YOUR ASSIGNMENT -> Retype the listing below line for line, but only from the line with "ولا ينتقض ما" down to the line with "The Shade Of", inclusive. Pictures stay out.

RECORDS FOR PROCESSING ->
----------------------------------------

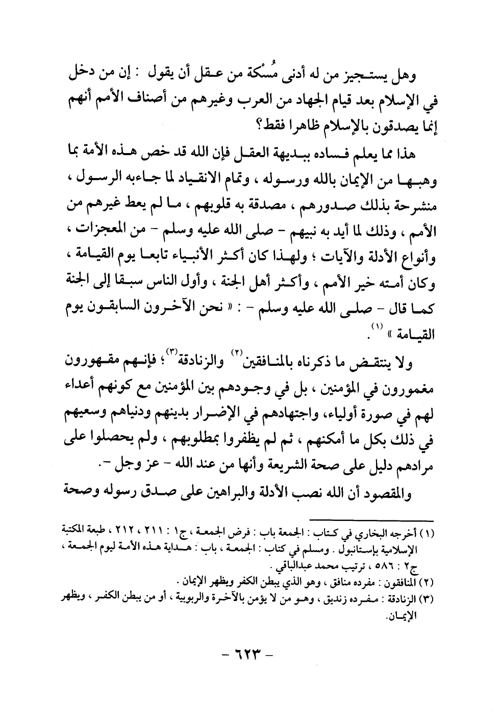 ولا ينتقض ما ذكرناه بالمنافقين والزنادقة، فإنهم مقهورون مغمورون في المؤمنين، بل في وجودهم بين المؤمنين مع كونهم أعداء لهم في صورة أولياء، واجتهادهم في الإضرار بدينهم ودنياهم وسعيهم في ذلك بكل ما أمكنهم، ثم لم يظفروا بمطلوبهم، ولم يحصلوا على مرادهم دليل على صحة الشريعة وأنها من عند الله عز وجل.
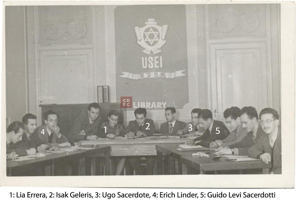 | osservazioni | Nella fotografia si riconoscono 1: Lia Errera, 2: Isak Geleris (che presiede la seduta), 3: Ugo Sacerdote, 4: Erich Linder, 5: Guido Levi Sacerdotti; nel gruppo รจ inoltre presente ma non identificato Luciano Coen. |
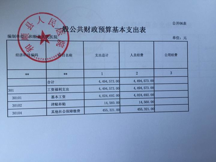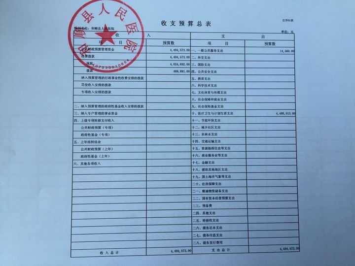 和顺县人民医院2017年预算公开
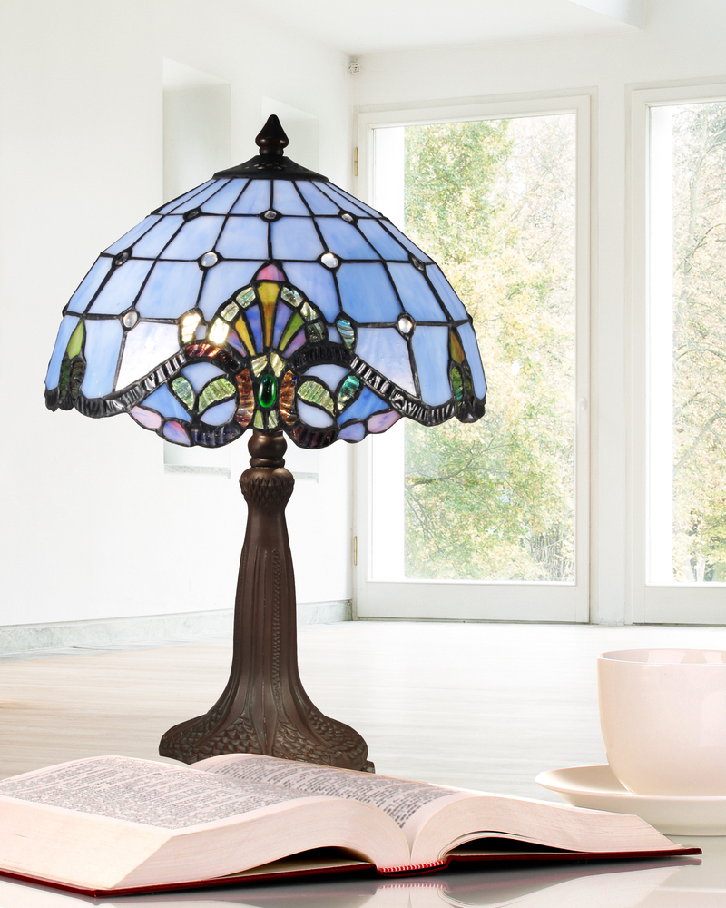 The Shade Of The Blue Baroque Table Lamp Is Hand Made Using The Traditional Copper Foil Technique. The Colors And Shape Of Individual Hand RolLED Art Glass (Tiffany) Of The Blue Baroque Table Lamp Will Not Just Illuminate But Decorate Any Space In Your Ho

----------------------------------------

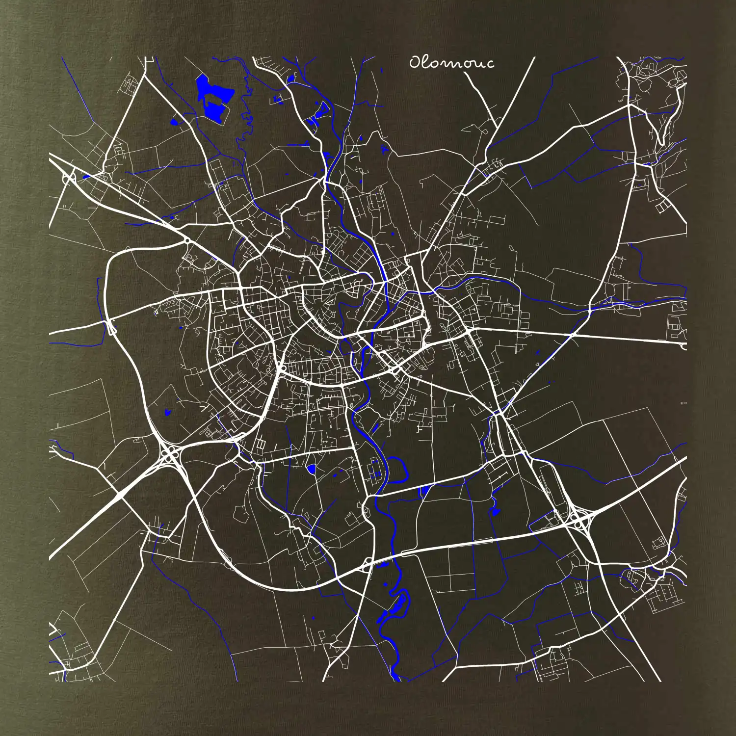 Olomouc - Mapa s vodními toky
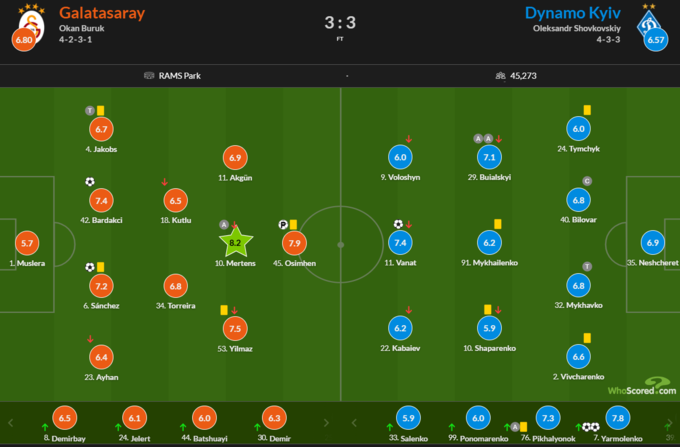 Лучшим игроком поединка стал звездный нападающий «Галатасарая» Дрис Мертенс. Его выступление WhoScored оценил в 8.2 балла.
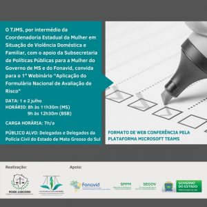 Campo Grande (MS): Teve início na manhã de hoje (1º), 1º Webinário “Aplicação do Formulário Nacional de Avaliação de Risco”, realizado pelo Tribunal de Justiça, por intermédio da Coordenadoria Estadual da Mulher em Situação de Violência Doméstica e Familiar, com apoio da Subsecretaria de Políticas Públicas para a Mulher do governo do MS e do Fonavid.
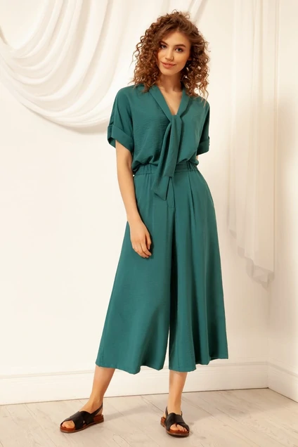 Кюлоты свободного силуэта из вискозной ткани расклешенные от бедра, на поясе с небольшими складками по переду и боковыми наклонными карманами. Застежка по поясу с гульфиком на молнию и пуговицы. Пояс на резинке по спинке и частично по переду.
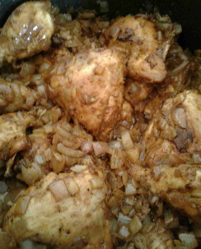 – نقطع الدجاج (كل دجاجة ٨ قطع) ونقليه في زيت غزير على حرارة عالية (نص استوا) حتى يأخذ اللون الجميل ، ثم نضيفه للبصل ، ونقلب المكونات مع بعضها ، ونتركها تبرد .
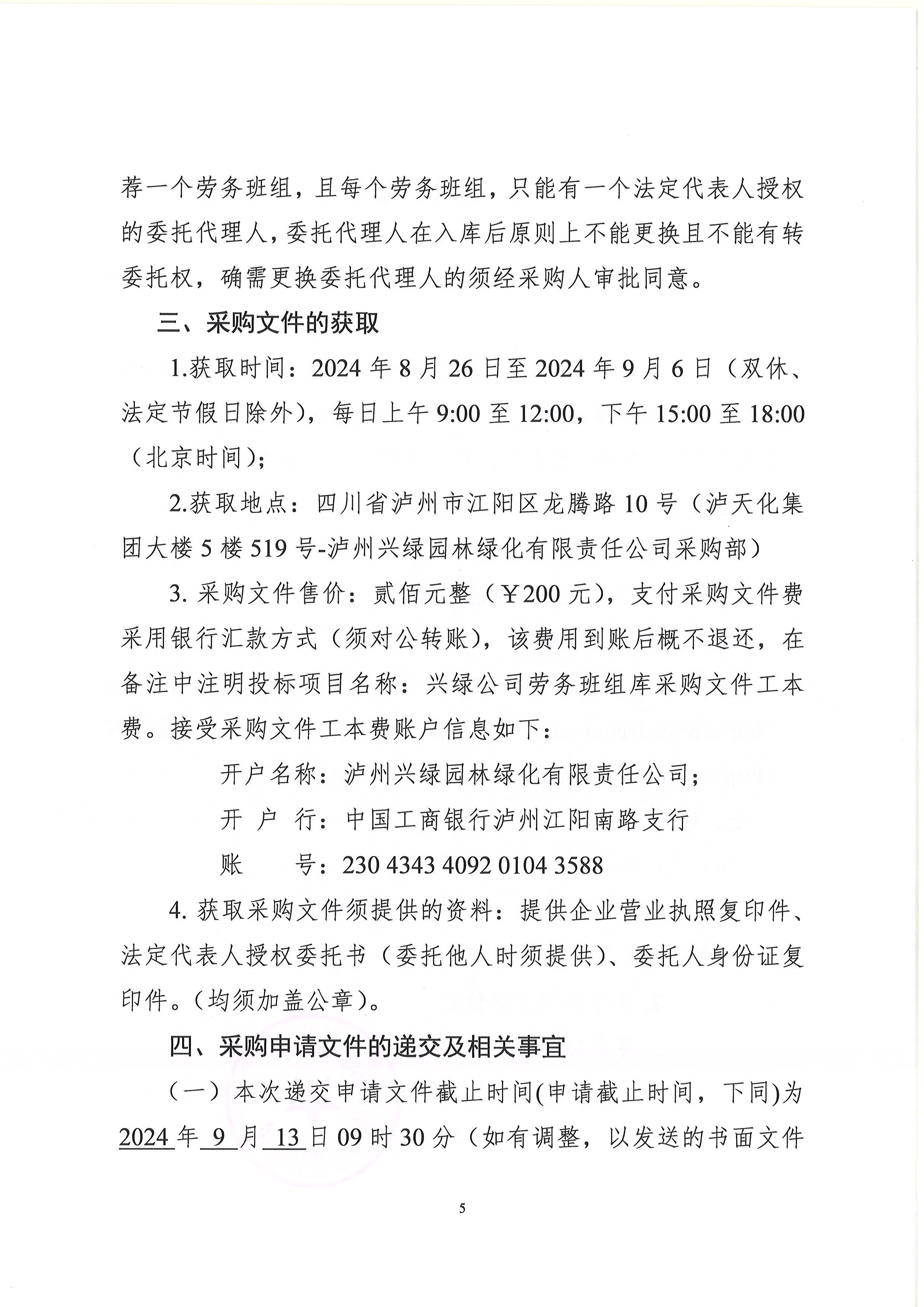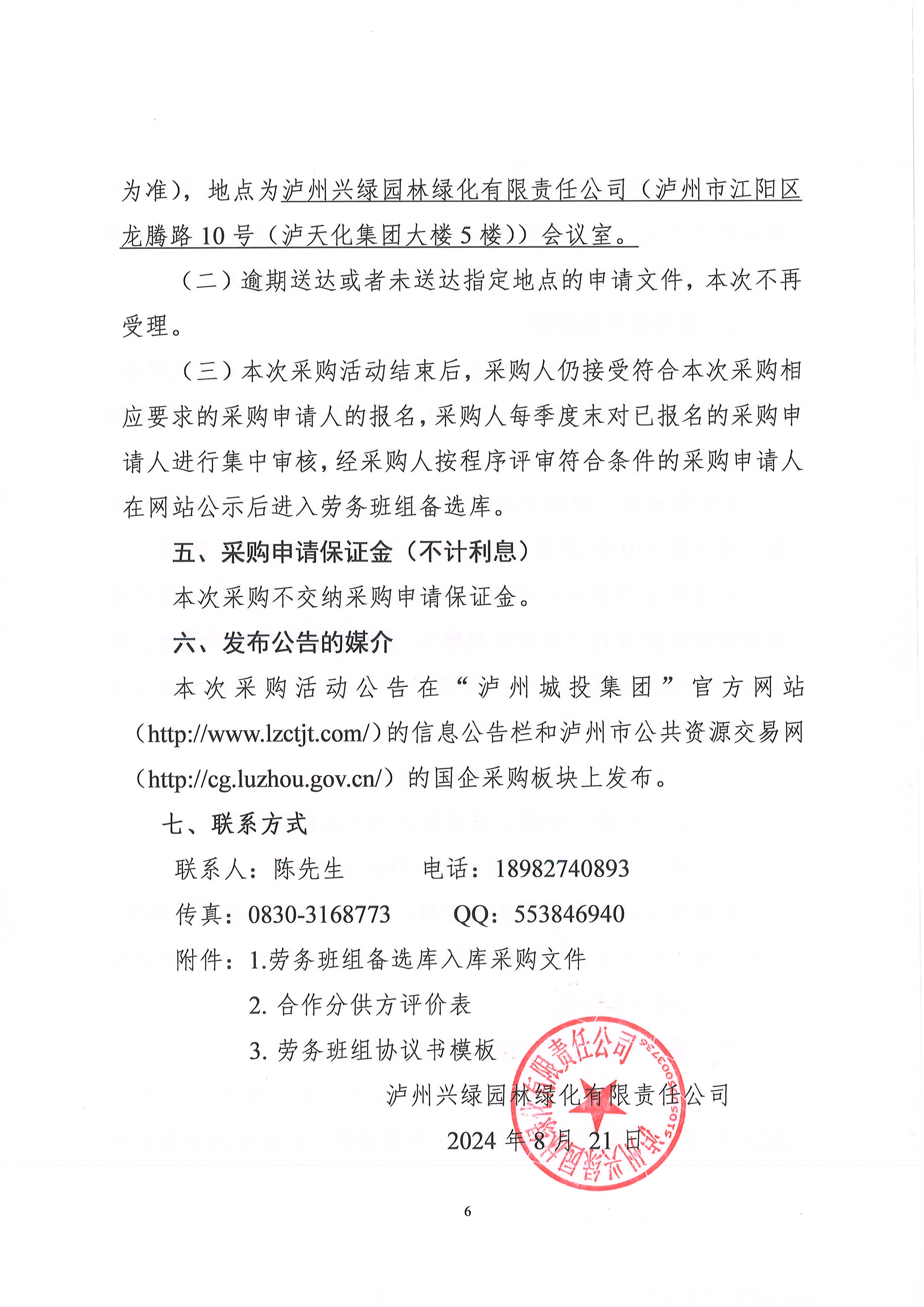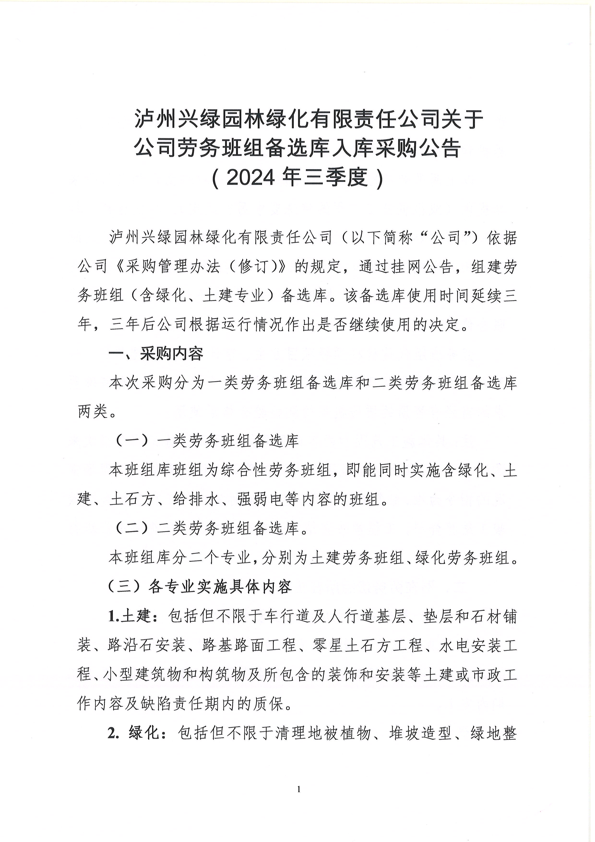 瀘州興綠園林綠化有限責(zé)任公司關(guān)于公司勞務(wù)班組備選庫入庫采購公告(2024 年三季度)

----------------------------------------

TASK OUTPUT ->
 ولا ينتقض ما ذكرناه بالمنافقين والزنادقة، فإنهم مقهورون مغمورون في المؤمنين، بل في وجودهم بين المؤمنين مع كونهم أعداء لهم في صورة أولياء، واجتهادهم في الإضرار بدينهم ودنياهم وسعيهم في ذلك بكل ما أمكنهم، ثم لم يظفروا بمطلوبهم، ولم يحصلوا على مرادهم دليل على صحة الشريعة وأنها من عند الله عز وجل.
 | osservazioni | Nella fotografia si riconoscono 1: Lia Errera, 2: Isak Geleris (che presiede la seduta), 3: Ugo Sacerdote, 4: Erich Linder, 5: Guido Levi Sacerdotti; nel gruppo รจ inoltre presente ma non identificato Luciano Coen. |
 和顺县人民医院2017年预算公开
 The Shade Of The Blue Baroque Table Lamp Is Hand Made Using The Traditional Copper Foil Technique. The Colors And Shape Of Individual Hand RolLED Art Glass (Tiffany) Of The Blue Baroque Table Lamp Will Not Just Illuminate But Decorate Any Space In Your Ho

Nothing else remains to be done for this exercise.